A SIMPLE IOT PROJECT WITH THE ESP8266 WIFI MODULE
NOTE
This is one of my older ESP8266 articles. Please check out my more recent ESP8266 projects below:
THE ESP8266 WIFI MODULE
The ESP8266 is a WiFi module that costs less than 5 USD. This makes putting your sensors on the net actually feasible. (Hooking up the $75 Arduino Yun to each of your sensors - not no feasible.) There’s a lot of excitement about this sensor on the Internet currently, and people have done an amazing job deciphering the obscure command structure of this device that comes from China. There seems to be three ways of using this module, in order of increasing complexity:
- Sending it AT commands from a computer via an USB to serial adapter. This is mostly useful for testing and setup.
- Interfacing with an Arduino or any other microcontoller and using this board as a peripheral.
- Programming the module directly and use its GPIO pins to talk to your sensors, eliminating the need for a second controller.
I’ve explored options #1 and #2 above, and that’s what I’ll be talking about here. If you are new to this whole thing, I recommend that you watch this video from Great Scott Labs first.
SETTING UP THE ESP8266
The first thing you want to do with ESP8266 (as with any aliens) is to establish communication. For this, you hook up a USB to TTL adapter to the module, and talk to it using a serial port terminal application like CoolTerm. One thing to be careful about when you hook up this module is to remember that this module operates at 3.3 V - even the serial lines should not exceed this voltage.

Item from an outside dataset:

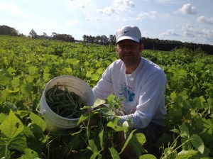 Gleaning is back with a vengance! Well, for me it is. Unfortunately the opportunities have recently been solely weekday, so when Sandi sent the email asking us to be at the ready for this past Saturday my wife and I blocked out the time. The morning was spent at the KYV farm off of 16A which is near World Golf Village. It was a beautifully crisp Saturday and the first vegetable glean. Our target crop was green beans and while a bit less demanding than picking citrus there was considerable effort needed to maneuver through the bushes so that we did not destroy the entire plan.

So here is how I hooked up my ESP8266:
In the above circuit, you can see that I used a 3.3 V regulator to power the board, and a resistor dividor on the RX line to keep the voltages on spec. The sessions below use CoolTerm. My board worked with a baud rate of 9600, since its firmware was already upgraded to 0.9.2.2. You may need to try other baud rates - 115200, for instance.
þ<.—Ž.þ...‡,‡.(Š–Š‹‡.‡....û.‡.ÿ
[System Ready, Vendor:www.ai-thinker.com]

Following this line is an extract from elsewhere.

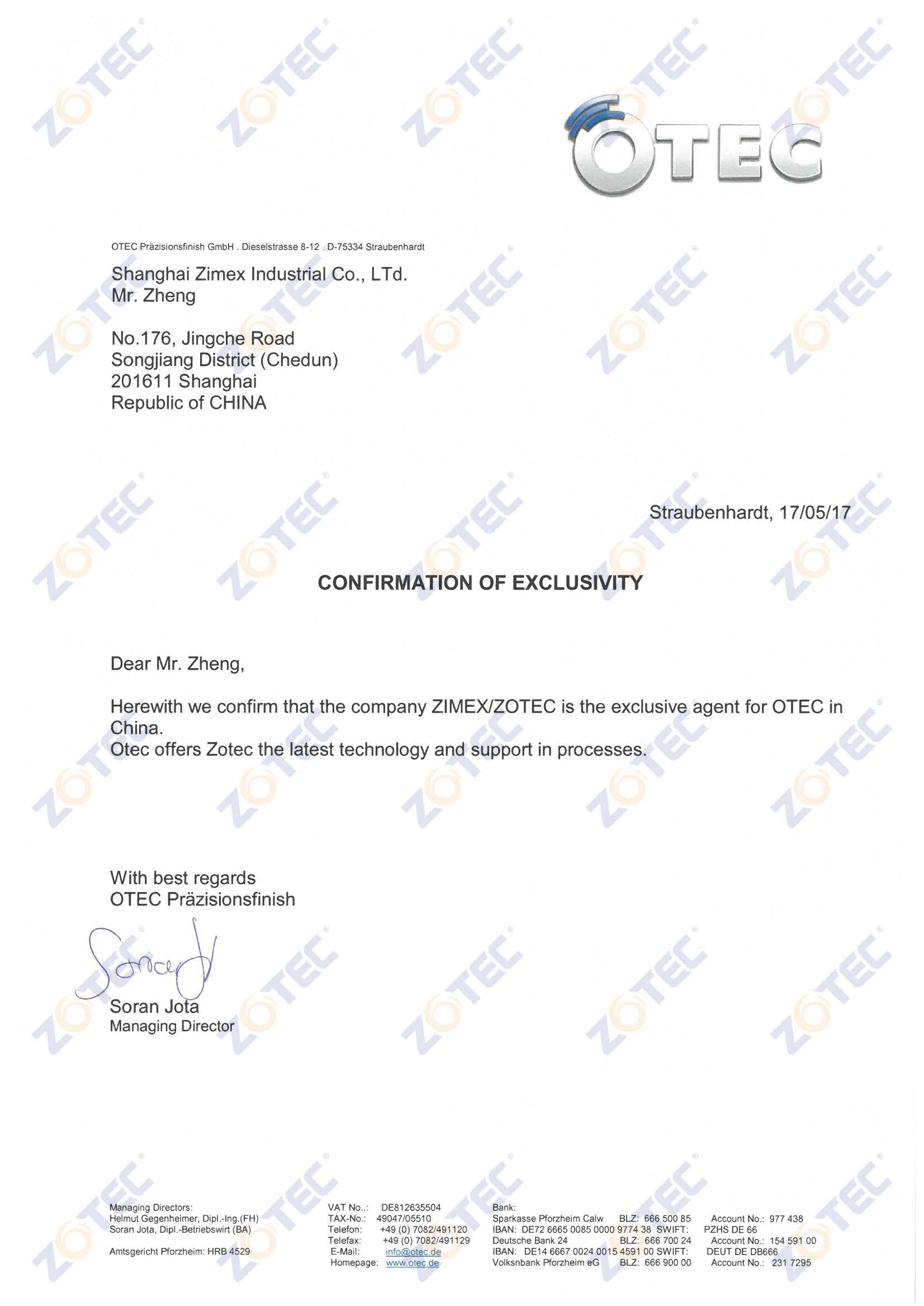 德国 Otec 公司是一家年轻的高新科技企业,公司在研磨、抛光加工领域拥有多项性技术,包括托盘离心技术和陶瓷环有缝隙、无缝隙系统等。目前, Otec 公司的产品主要有如下系列品种:Eco系列托盘离心式研磨抛光机,CF-T系列托盘式研磨抛光机,CF 系列托盘离心式研磨抛光机和DF系列拖曳式抛光机以及超过300种的研磨抛光用磨料和溶液、抛光膏等。主要应用于首饰、钟表配件、织针以及其他小型冲压件等的去毛刺和高要求抛光加工。

Now, you can send it AT commands. You can see the full command reference here. First let’s send “AT”:
AT
OK
Now let’s get the firmware version:
AT+GMR
0018000902
OK
Now, let’s get the operation mode.
AT+CWMODE?
+CWMODE:3
OK
3 implies that we are in Standalone + Access Point mode. That’s fine. Now, let’s do something fun. Let’s list all the available WiFi access points.
AT+CWLAP
+CWLAP:(0,"Cisco15010-guest",-84,"ce:d7:19:0b:80:19",1)
+CWLAP:(4,"TRENDnet",-86,"c8:d7:19:0b:80:19",1)
+CWLAP:(2,"ASingh",-87,"00:25:5e:c5:d1:88",1)
+CWLAP:(4,"HMMA",-66,"80:ea:96:f1:27:7a",11)
+CWLAP:(4,"dlink-30B8",-91,"c8:d3:a3:6e:30:b8",6)
+CWLAP:(4,"Deepak Mullick",-93,"80:a1:d7:77:a1:e4",6)
+CWLAP:(1,"MGMNT",-91,"80:a1:d7:77:a1:e5",6)
+CWLAP:(3,"rajat_linksys",-67,"20:aa:4b:31:43:9d",6)
+CWLAP:(2,"smk385",-89,"00:1f:33:bc:02:f6",6)
+CWLAP:(4,"Apoorv",-91,"ec:1a:59:17:53:93",7)
+CWLAP:(3,"AkhIshir",-88,"08:60:6e:cb:63:b0",11)
+CWLAP:(2,"sunil",-77,"94:d7:23:f5:fc:34",9)
+CWLAP:(1,"MGMNT",-77,"94:d7:23:f5:fc:35",9)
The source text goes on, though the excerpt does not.